**To do:**
These records contain pictures, which must be left out; copy exactly the lines from the one with "2 - höj den" up to and including the one with "START Meuble bas".

**Source data:**

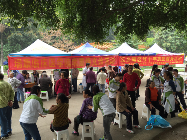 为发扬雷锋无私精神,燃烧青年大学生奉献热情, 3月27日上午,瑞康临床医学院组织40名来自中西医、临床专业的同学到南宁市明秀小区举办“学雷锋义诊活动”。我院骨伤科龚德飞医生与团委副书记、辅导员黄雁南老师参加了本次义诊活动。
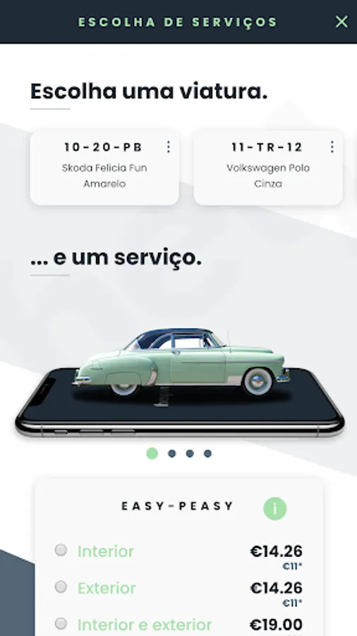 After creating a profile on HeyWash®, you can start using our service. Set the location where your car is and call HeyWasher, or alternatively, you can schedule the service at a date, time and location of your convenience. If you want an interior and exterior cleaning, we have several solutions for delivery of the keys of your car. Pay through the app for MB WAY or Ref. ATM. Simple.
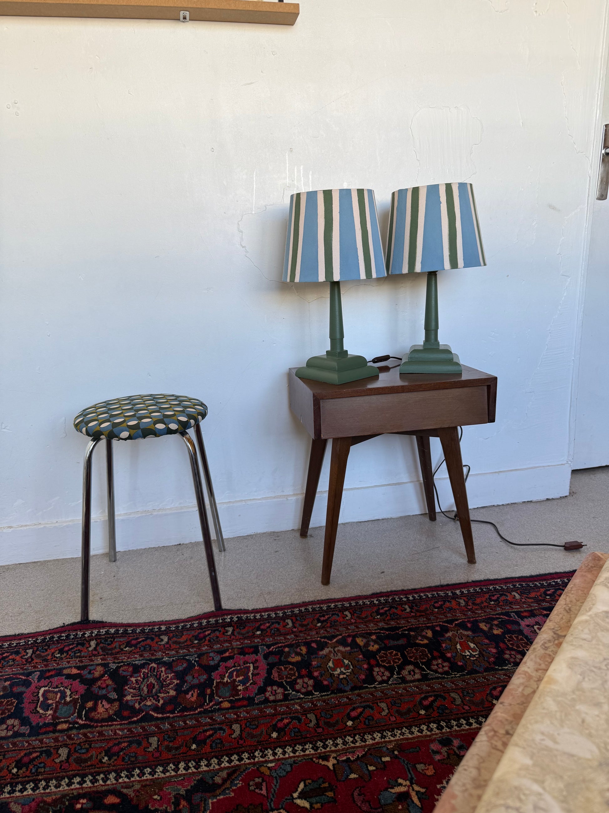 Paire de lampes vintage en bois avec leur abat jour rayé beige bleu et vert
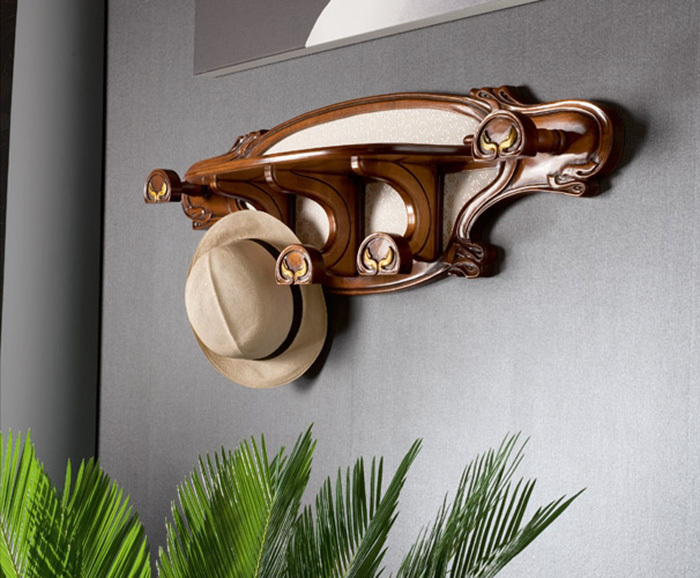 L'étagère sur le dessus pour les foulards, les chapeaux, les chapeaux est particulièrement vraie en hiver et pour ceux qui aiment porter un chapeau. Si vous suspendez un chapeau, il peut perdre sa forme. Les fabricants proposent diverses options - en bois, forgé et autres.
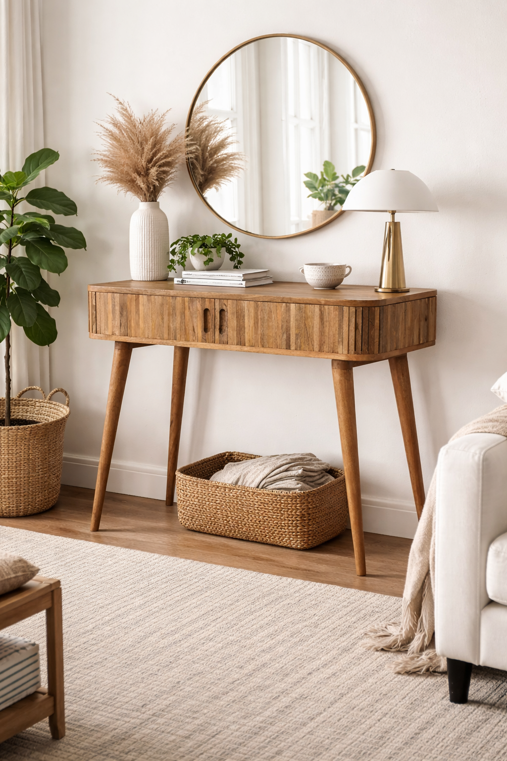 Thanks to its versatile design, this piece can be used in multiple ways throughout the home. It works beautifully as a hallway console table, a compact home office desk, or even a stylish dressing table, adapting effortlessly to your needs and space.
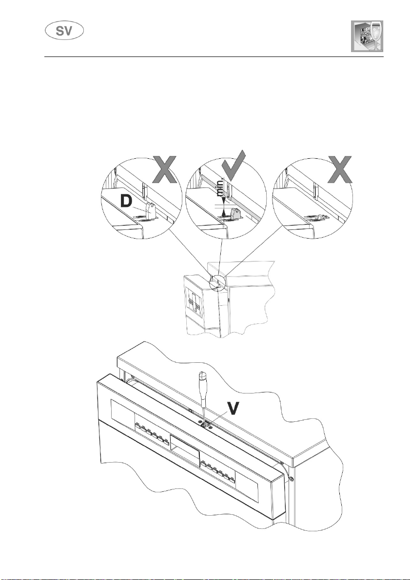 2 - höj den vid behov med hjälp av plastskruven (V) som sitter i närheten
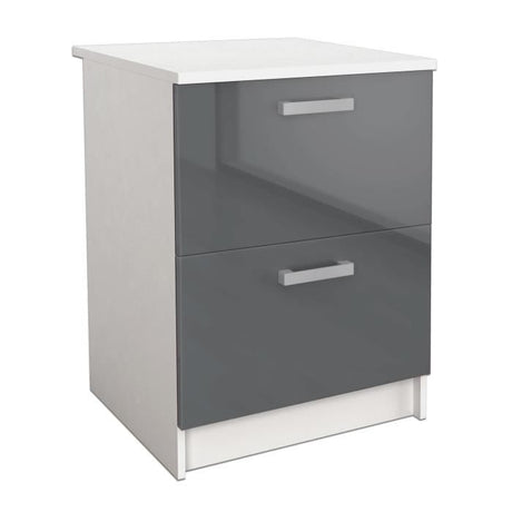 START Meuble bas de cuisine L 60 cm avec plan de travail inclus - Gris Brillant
--
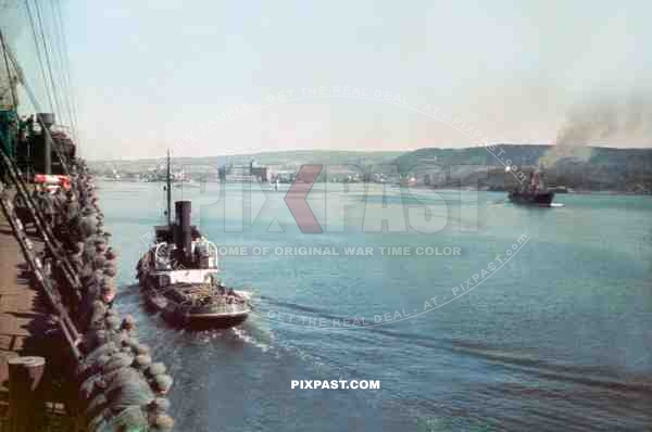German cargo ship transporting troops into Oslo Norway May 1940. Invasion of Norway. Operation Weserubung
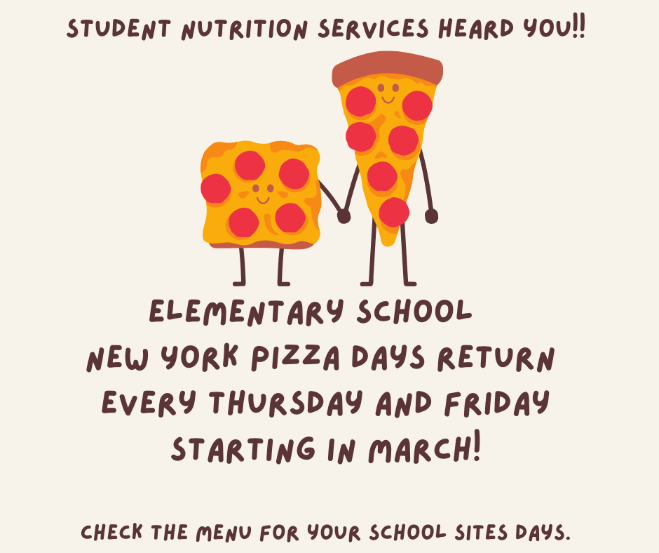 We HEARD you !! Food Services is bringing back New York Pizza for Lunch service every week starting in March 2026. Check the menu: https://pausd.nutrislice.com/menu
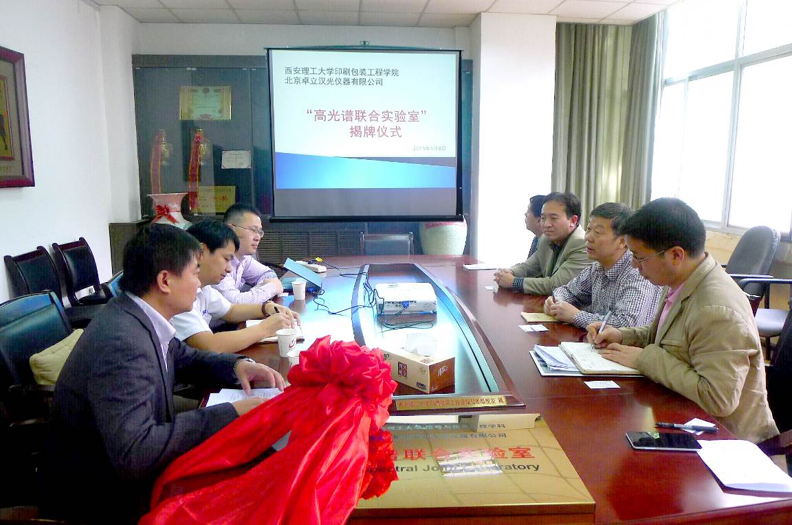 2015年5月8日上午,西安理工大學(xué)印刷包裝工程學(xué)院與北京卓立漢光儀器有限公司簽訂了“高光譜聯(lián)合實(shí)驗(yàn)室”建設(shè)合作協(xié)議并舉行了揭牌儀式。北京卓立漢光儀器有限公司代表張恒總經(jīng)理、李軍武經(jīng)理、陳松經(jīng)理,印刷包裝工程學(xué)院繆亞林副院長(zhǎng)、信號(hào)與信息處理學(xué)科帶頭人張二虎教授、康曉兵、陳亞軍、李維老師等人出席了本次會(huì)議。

**Exercise output:**
 2 - höj den vid behov med hjälp av plastskruven (V) som sitter i närheten
 START Meuble bas de cuisine L 60 cm avec plan de travail inclus - Gris Brillant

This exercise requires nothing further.